半醉的男人们把烟花爆竹搬到湖边开阔的地方放了起来,迷蒙的雪雾中烟花朵朵绽放,衬着如此洁净的一片山谷,拍下来的照片张张都漂亮的像明信片。

拍完我和深海的合影,路一把相机扔给小武,自己跑过来夹在我们中间,一边冲着镜头摆POSS,一边嘀嘀咕咕地旧话重提:“我说,趁着你们俩都在,咱们就把这事儿定了吧。就让我当你家孩子干爹,我包双份儿红包还不行吗?”

“你有这心气儿找个好女孩,给自己孩子当亲爹不好吗?”

“不好,”路一痞笑,“我年少青春,英俊潇洒,又正走在直奔超级富豪的大路上。这么潜力无限的钻石王老五,我怎么舍得成家?”

“等你当上超级富豪再说。

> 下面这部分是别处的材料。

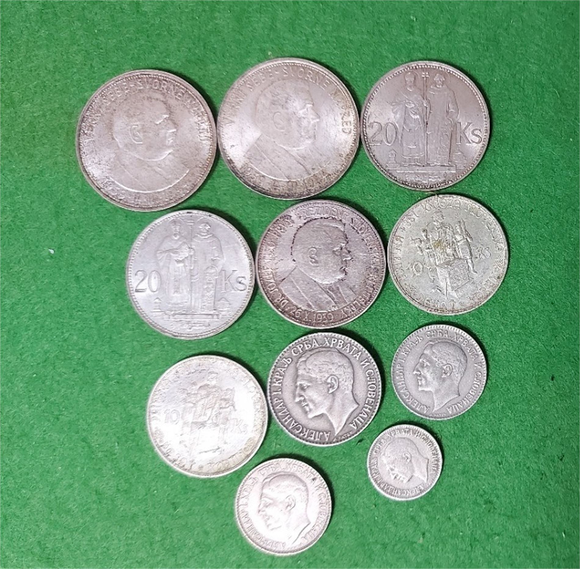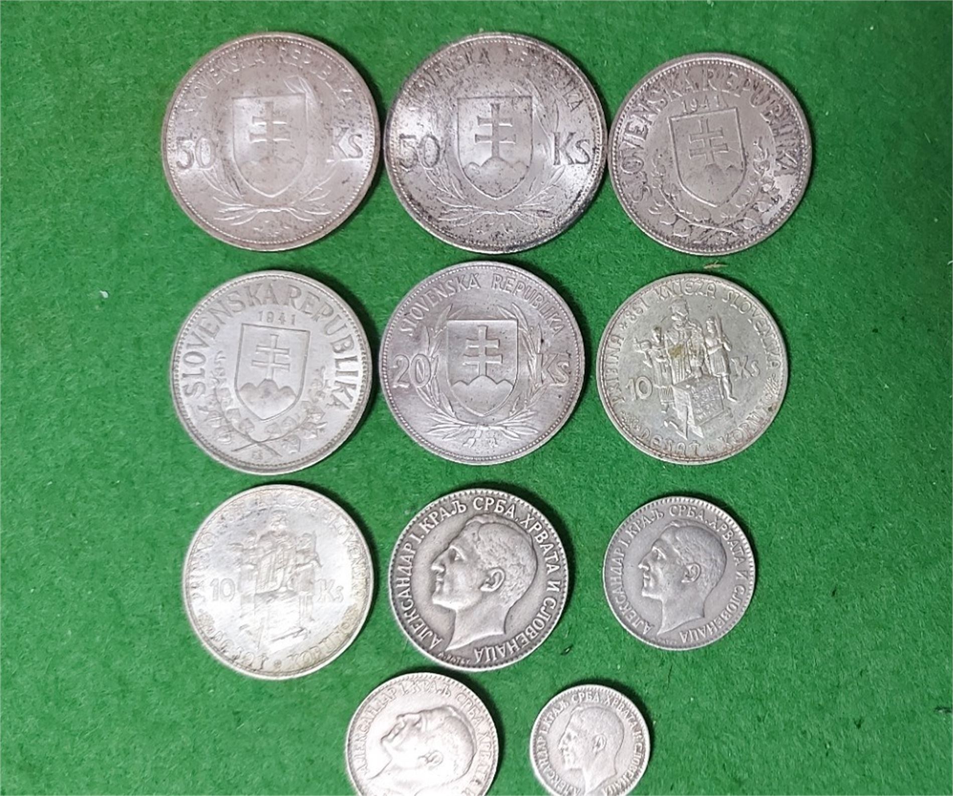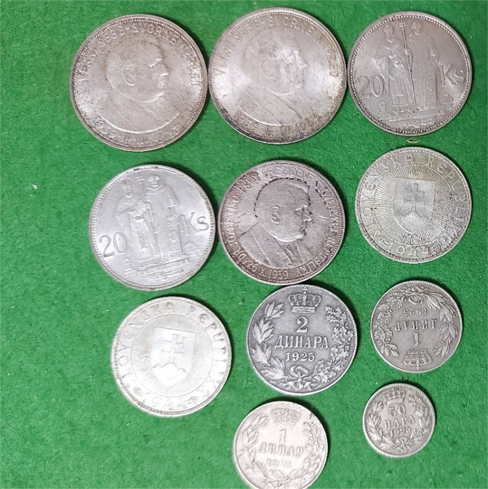 SLOVAKIEN-YGOSLAVIEN parti 11 mynt 1930-50-tal, bland annat i silver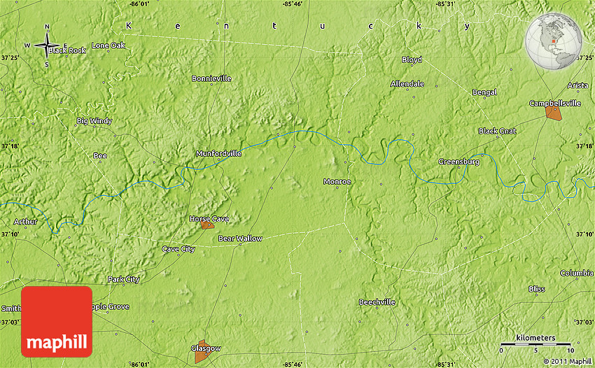 The flat physical map represents one of many map types available. Look at Bear Wallow, Hart County, Kentucky, United States from different perspectives.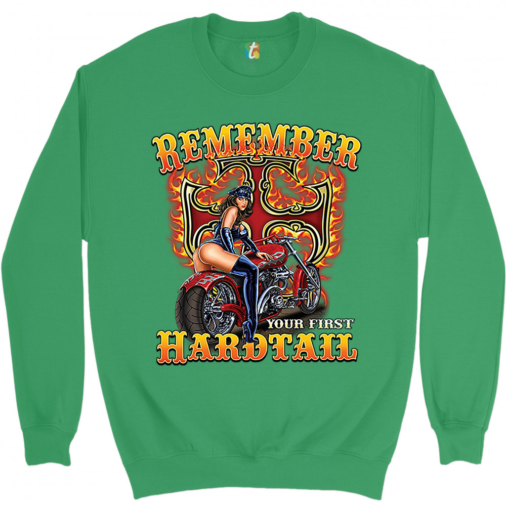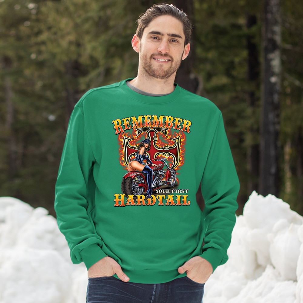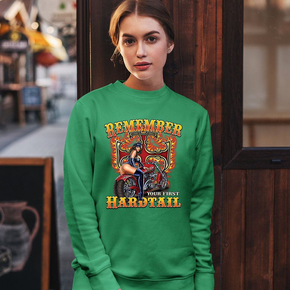 REMEMBER YOUR FIRST HARDTAIL sweatshirt biker babe motorcycle chopper crewneck green

”深海实话实说。

路一被打击,小脸又耷拉下来了,“虽然你是我的二老板,那我也不得不说,我和茉茉那可是青梅竹马。要是我下手快,她现在就是我老婆了。”琢磨了一会儿又补充说:“不是我老婆也是我嫂子。”

“谁跟你青梅竹马?!”我翻了他一眼,心里又好气又好笑。原来他还惦记着路明远那档子事儿呢。这孩子对路明远执念还挺重,不会真是小时候被欺负的狠了,留下心理阴影了吧?

深海忍不住笑出了声,“那你为什么没下手?”

“我忙着挣钱啊。” 路一摊手叹气,“茉茉一直当我是全职流氓来的,没有钱我怎么敢追啊?”

深海又笑,“说明在你心目中还是挣钱更重要一点儿,所以你追不上她。”

“是这样吗?”路一大吃一惊。

“你自己想想,”深海丢下这句话就扶着我往回走。等我们从湖边的绿化带穿过去的时候,路一还靠着栏杆站在原地,两眼望天念念有词。

我再次肯定,这孩子取名的时候绝对取错了,明明少了一横嘛。深海却说:“这人挺有趣的,我现在有点儿喜欢他了。”

“那你觉得他可信吗?”

深海想了想,微带歉意地回答我说:“除了你,我很难完全相信一个人类。”

“即使是严德?”

“即使是严德。”

我是不是应该把这句话理解为:站在米娅的角度,她同样不会相信我?

心里忽然有点不是滋味。

“别乱想,”深海揉了揉我的头发,“这是很正常的啊。再说今天过年,不能板着脸。这不是你告诉我的吗?”

可是过完年你又要走了。我在心里暗暗叹了一口气。

电话接通的时候,我最先听到的是一片模糊的嘈杂声,像在商场的某个角落似的。我正琢磨路一的助理到底把我妈约到什么地方接头,就听到电话的另一端传来了熟悉的声音:“茉茉?”

“是我,”我连忙说:“你在什么地方?”

“裕华大厦顶楼的观光餐厅,”老妈的声音听起来透着格外的小心,“茉茉,到底出什么事儿了?你每次打个电话都这么神神鬼鬼的。”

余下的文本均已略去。